Symétrique, donc réduite à une commune mesure (metria). Le rythme se définit encore «
nombre, cadence, mesure " (Dictionnaire de l'Académie), « mouvement réglé et mesuré »
(Dictionnaire grec-français de Bailly) et dans le mot grec ruthmos, on trouve rein, « couler ",
donc une idée de mouvement, l'eau figurant ainsi le mouvement perpétuel.

Les nombres, l'harmonie, le rythme qui est mouvement ordonné, les pythagoriciens leur trouvent
confirmation dans le cosmos. Pour eux, il y a comme un concert céleste, des accords
insaisissables aux seules oreilles humaines vibrent entre les astres en mouvement, donc chacun
est le lieu propre d'un nombre : 2 pour la terre, 7 pour le soleil.

La vie humaine aussi est un accord des contraires, une harmonie s'exprimant par l'âme. Ainsi le
microcosme de la terre apparaît comme un écho du macrocosme de cette harmonie des sphères
dont on prête aux pythagoriciens la théorie.

Nous ne pouvons vivre sans symbole. Le langage recourt au symbole, l'écriture aussi, et la
science. Mais face à la conception grandiose du symbole pythagoricien, liant dans un continu
supranaturel le nombre aux choses, invisibles comme visibles, ainsi ne le séparant point de
l'homme, de la vie matérielle qui est mouvement, et aussi de la vie secrète et profonde, pas plus
que du cosmos, que voyons-nous se dresser aujourd'hui ? un nombre désincarné, uniquement
attaché au quantitatif, coupé du sacré comme du cosmos; un instrument incomparable de progrès
matériel certes, mais un instrument d'autant plus dangereux que ce " progrès », qui n'est qu'un
pur en-soi, peut devenir un regrès. Certaine science d'aujourd'hui nous en administre la preuve.
L'âme, harmonie du corps, doit avoir commerce avec le divin et suivre Dieu, prescrivait
Pythagore : Dieu règlant le rythme et l'ordre du monde exprimés qualitativement dans les
nombres.
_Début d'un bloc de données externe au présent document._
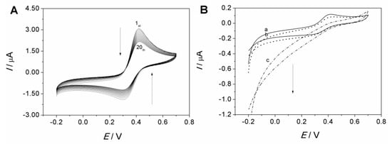 (A) Twenty consecutive CVs obtained on MCF-IL-Fe(CN)63−/PVA electrode in 0.1 M HCl + 0.1 M KCl solution, scan rate: 100 mV s−1; (B) CVs obtained on acid-pretreated MCF-IL-Fe(CN)63−/PVA electrode upon the continuous addition of H2O2: (a–c); scan rate: 10 mV s−1.

Aujourd'hui, les nombres non plus acousmata, mais uniquement mathemata, coupés de
leurs réelles attaches symboliques, désacralisés, décosmisés, ne sont plus que des notations
sèches qui envahissent toutes les sciences, et dont on ne peut actuellement se déprendre. Ils
flottent comme des choses vides, mortes, mais accablantes cependant.